La cancelación de los asientos registrales señala así –aunque el precepto no aluda expresamente a ello– el momento de extinción de la personalidad social. Y es que, si la sociedad adquiere su personalidad jurídica en el momento en que se inscribe en el Registro (art. 33 LSC), en justa correlación, la cancelación de las inscripciones referentes a la entidad debe reputarse como el modo de poner fin a la personalidad que la Ley le confiere. También se deduce tal lógica consecuencia de la propia Ley de Sociedades de Capital que, al regular la disolución, establece en su artículo 371.2 que «La sociedad disuelta conservará su personalidad jurídica mientras la liquidación se realiza», con lo que es evidente que la perderá una vez concluida la misma. Por tanto, una sociedad liquidada y que haya repartido entre los socios el patrimonio social, es una sociedad vacía y desprovista de contenido, aunque resulta necesaria la cancelación para determinar de modo claro, en relación con todos los interesados, el momento en que se produce su extinción. Este es el sentido de la exigencia de que los liquidadores se manifiesten sobre la liquidación realizada, manifestación que será objeto de la oportuna calificación del Registrador, ex artículo 18.2 del Código de Comercio, cerrándose así el proceso de extinción.
Ello no obstante, la cancelación, aunque extingue la sociedad, no tiene carácter sanatorio de los posibles defectos de la liquidación si la misma no ha respondido a la situación real; o sea, cuando la sociedad no haya sido liquidada en forma y haya dejado acreedores insatisfechos, socios sin pagar o patrimonio sin repartir.
En estos casos, pese a que no resultaría posible demandar a una sociedad que carece, según se ha dicho, de personalidad jurídica[2], los socios y los acreedores sí que tienen acción, tras la cancelación de la sociedad, para exigir responsabilidad a los liquidadores por los perjuicios que estos les hayan irrogado al desempeñar su labor, siempre que haya mediado dolo o culpa. En este sentido, se dispone que «Los liquidadores serán responsables ante los socios y los acreedores de cualquier perjuicio que les hubiesen causado con dolo o culpa en el desempeño de su cargo» (art. 397 LSC).
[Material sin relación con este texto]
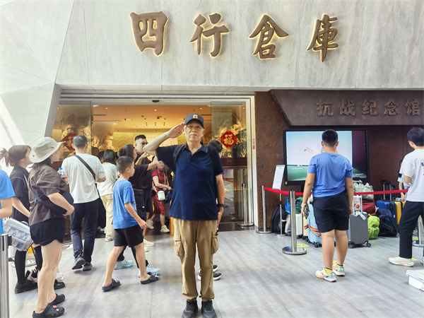 今天是8月13日淞沪会战88周年纪念日。我再次来到了四行仓库抗战纪念馆。四行仓库纪念馆的门牌在光影中沉静,像一位沉默的见证者,迎接着络绎不绝的来访者。我站在馆前,望着那扇熟悉的大门,耳畔仿佛又响起八年前的脚步声——那是两位百岁老兵踏过台阶时,拐杖轻叩地面的声响。

Además, también tendrán acción frente a los antiguos socios, pese a la limitación de responsabilidad de los mismos al capital aportado (aspecto nuclear de las sociedades de capital), en los términos previstos por el artículo 399.1 de la Ley de Sociedades de Capital que preceptúa: «Los antiguos socios responderán solidariamente de las deudas sociales no satisfechas hasta el límite de lo que hubieran recibido como cuota de liquidación», a lo que añade en su apartado 2 que «La responsabilidad de los socios se entiende sin perjuicio de la responsabilidad de los liquidadores». E incluso, una vez inscrita la cancelación, se confieren facultades a los que fueron liquidadores de la sociedad para formalizar actos jurídicos en nombre de la entidad extinguida (ya cancelada, por ende, registralmente), tanto para el cumplimiento de requisitos de forma relativos a actos jurídicos anteriores a la cancelación de los asientos registrales, como para “otros supuestos” (dice el art. 400 LSC «cuando fuera necesario»); por lo que debe entenderse que también abarca a los actos de formalización que pudieran exigir la eventual existencia de activos y/o pasivos sobrevenidos. En defecto de dichos liquidadores, la norma habilita a cualquier interesado para solicitar del Juez la formalización que se requiera.
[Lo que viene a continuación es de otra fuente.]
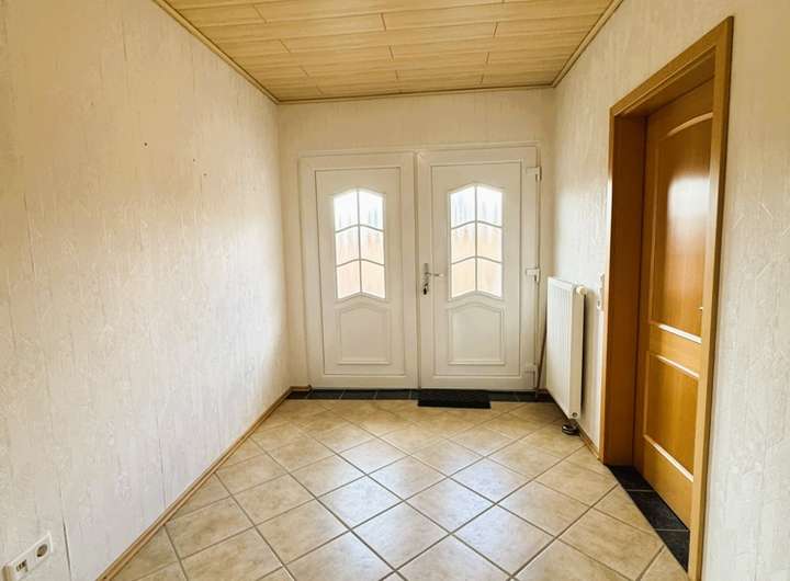 Wir starten unsere Haustour im großzügigen Flur. Platz für eine Garderobe oder einen Schuhschrank ist hier gegeben.

Y todo ello sin perjuicio de las responsabilidades que, para los otrora administradores, los liquidadores, y para los propios socios, se establecen en diferentes Leyes sectoriales respecto a las obligaciones pendientes de la sociedad extinguida [v.gr., los arts. 43.1.c) y 40 de la Ley General Tributaria].
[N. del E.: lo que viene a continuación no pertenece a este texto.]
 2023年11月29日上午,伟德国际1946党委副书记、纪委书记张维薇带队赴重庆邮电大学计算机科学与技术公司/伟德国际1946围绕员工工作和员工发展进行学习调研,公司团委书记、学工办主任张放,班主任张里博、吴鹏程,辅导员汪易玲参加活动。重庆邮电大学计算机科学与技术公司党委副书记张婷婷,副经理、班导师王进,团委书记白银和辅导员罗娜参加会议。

Dejando a un lado la liquidación en sede de un concurso de acreedores, que conlleva la asunción por la Administración concursal de la condición de liquidador (arts. 376.2 LSC y 145.3 LC); en lo que a la liquidación societaria normal respecta, es habitual que los estatutos sociales contengan la previsión de que los que sean administradores al tiempo de la disolución social se conviertan en liquidadores y culminen el proceso extintivo de la sociedad. Es más, salvo disposición estatutaria en contra o, en su defecto, si no se nombran los liquidadores por la junta general que acuerde la disolución, se convierten los administradores ope legis en liquidadores sociales (art. 375.1, último inciso, LSC).
Frente a esa práctica extendida, sea por la propia complejidad del proceso de extinción, por las posibles responsabilidades (civiles, administrativas o incluso penales) de los nombrados, o, simplemente, por los inconvenientes que pueden derivarse de la incorrecta realización de las funciones liquidatorias; y, además, para evitar eventuales conflictos de interés, es recomendable encargar a profesionales cualificados –que cuenten con un equipo multidisciplinar que les respalde– las funciones de liquidación de la sociedad, a fin de que se culmine correctamente el proceso hasta la cancelación de las hojas relativas a la sociedad en el Registro Mercantil, velando (sin perjuicio de la obligación de colaboración que impone a los antiguos administradores para la práctica de dichas operaciones, caso de ser requeridos, el art. 374.2 LSC) por los intereses de los acreedores, los socios y cualquier interesado. Ello contribuirá tanto a la “pacífica” extinción de la entidad, como a la tranquilidad de todos los operadores que pudieran verse afectados.
[1] El texto refundido de la LSC fue aprobado por el Real Decreto Legislativo 1/2010, de 2 de julio. Y aunque ya ha sido objeto de 11 modificaciones (las más recientes, la relativa al gobierno corporativo por la Ley 31/2014, de 3 de diciembre; y la operada sobre la emisión de obligaciones por las sociedades anónimas y comanditarias por acciones, mediante la Ley 5/2015, de 27 de abril, de fomento de la financiación empresarial), las mismas no han afectado a la disolución, liquidación y extinción societaria.
[2] Sin embargo, erróneamente a mi juicio, la STS 25.7.2012 entendió –en un pronunciamiento obiter dicta– que los acreedores y socios podrían, conforme a las normas generales, pedir la nulidad de la cancelación y la reapertura de la liquidación, para interesar al tiempo la satisfacción de su crédito, demandando en todo caso a aquellos que hubieren propiciado una indebida cancelación de la inscripción de la entidad. Esto es, daba a entender que sí puede demandarse a la sociedad si se impetra a la vez que la misma recobre la “personalidad jurídica transitoria” durante la reanudación de la liquidación y hasta su correcta terminación. Y el fundamento de mi crítica al alto Tribunal reside en que no ha tenido en cuenta los remedios conservativos previstos al efecto por la normativa societaria, que resultan perfectamente útiles para una solución alternativa a tan drástica acción de nulidad (vid. los arts. 397, 398 y 400 LSC).